Nowadays there are very few alternative investment possibilities which promise significant interest. The coupons on bonds are so low nowadays that commission and bank fees more or less “eat up” the interest. So, it is not that easy to deposit money which you do not or cannot invest in stocks for risk-related reasons. Caution: If you have liquid money or bank deposits for three or four years you might even lose. This happens when inflation is greater than the interest.

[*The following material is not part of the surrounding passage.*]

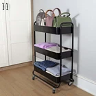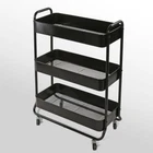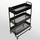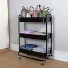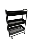 Product details Mainstays Wide 3 Tier Metal Utility Cart, Rich Black in Powder Coating. Instantly adds storage space to your kitchen, office, bathroom and beyond. It is ideal for storing tools, utensils, supplies, food, beverages, toiletries, and more. Easy assembly with hardware included. Locking wheels on bottom allow for easy movement and access. Sturdy metal construction can accommodate enough and heavy things. Storage organizer trolley cart with handle. This cart can be used not only in the kitchen, but also in the bathroom. Mainstays Wide 3 Tier Metal Utility Cart Durable metal frame construction; Rich black in powder coating finishing; 4 easy rolling casters, and with 2 locks; Suitable for adult and kids; Item dimensions: 26.1in Width x 13.75in Depth x 35.63in Height ( 66.3cm x 34.9 x 90.5cm ); Multi-functional, versatile storage solution for laundry, bathroom, and more.

Up to a specific age some banks or fund managers offer a young people’s savings account with priority interest. If you look, you can still find other alternatives. These include branch offices of cooperatives. But almost everywhere it is the same: You cannot expect more than mini-interest with your bank deposit.
Compare Savings Offers
When young people visualize their “homeownership dream”, they will usually start out on a small scale. If you are young, were not born a millionaire or won the lottery, banks will not be welcoming you with open arms. So, do some research yourself. Thanks to the Internet and comparison services there is much more transparency nowadays regarding interest, Column 3-a accounts, bank fees, etc. Especially looking at it over several years, fees that are too high are restricting. If your bank or fund manager syphons off 1 to 1.5 percent in fees that is simply too expensive.